Charles Riddy (March 3, 1885 – June 11, 1979) was a Canadian rower who competed in the 1908 Summer Olympics in London, England and the 1912 Summer Olympics in Stockholm,  Sweden.

In the 1908 Summer Olympics he was a rower in the Canadian coxless four boat and the Canadian men's eight boat, winning bronze medals in both events.

In the 1912 Summer Olympics he competed in the Canadian coxed eight boat but did not medal.
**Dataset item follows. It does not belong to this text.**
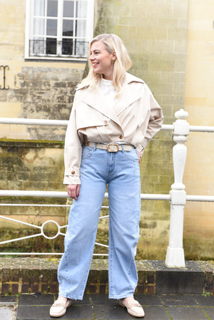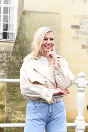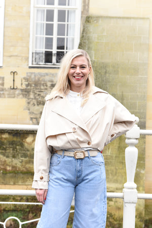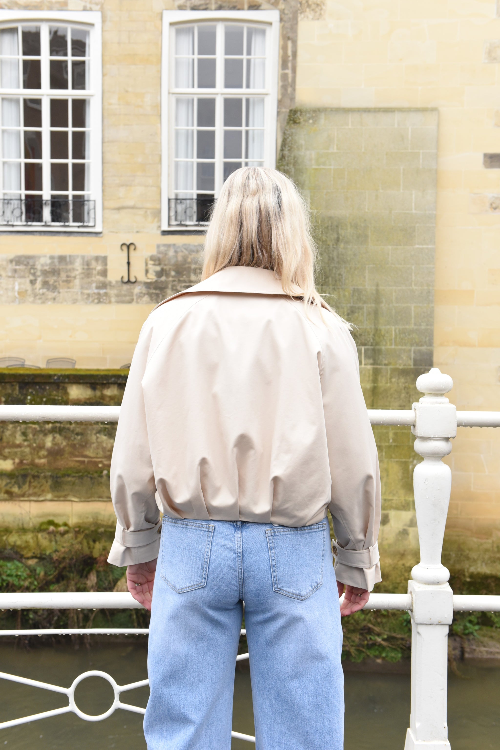 Deze korte dames trenchcoat heeft een moderne pasvorm en een tijdloos design met knoopsluiting en reverskraag. Licht en comfortabel om te dragen, ideaal als tussenjas voor het voor- en najaar. Makkelijk te combineren met elke outfit.

Riddy moved from his job as a cash boy and stock boy in the millinery department of T. Eaton's to a position with Toronto Dominion Bank in 1903, the same year that he joined the Toronto Canoe Club.

In 1905 he entered the Club races and won the Novice Division.

In 1906 Riddy won the Canadian Junior Singles Championship.

In 1907 Riddy joined the Toronto Argonauts, rowing in the winning fours boat in the Junior, Intermediate and Senior Canadian Championship held in St. Catharines, Ontario.  At the same meet he rowed in the winning eights boat in the Junior and Senior Championship.

Also in 1907 Riddy rowed in the winning senior four and eight boats at the U.S. Championship held in Philadelphia, Pennsylvania.

During 1909 and 1910 Riddy was the Argonauts Rowing captain winning the club championship (The Hammond Cup).

In 1913 Riddy competed at The Henley Regatta in England.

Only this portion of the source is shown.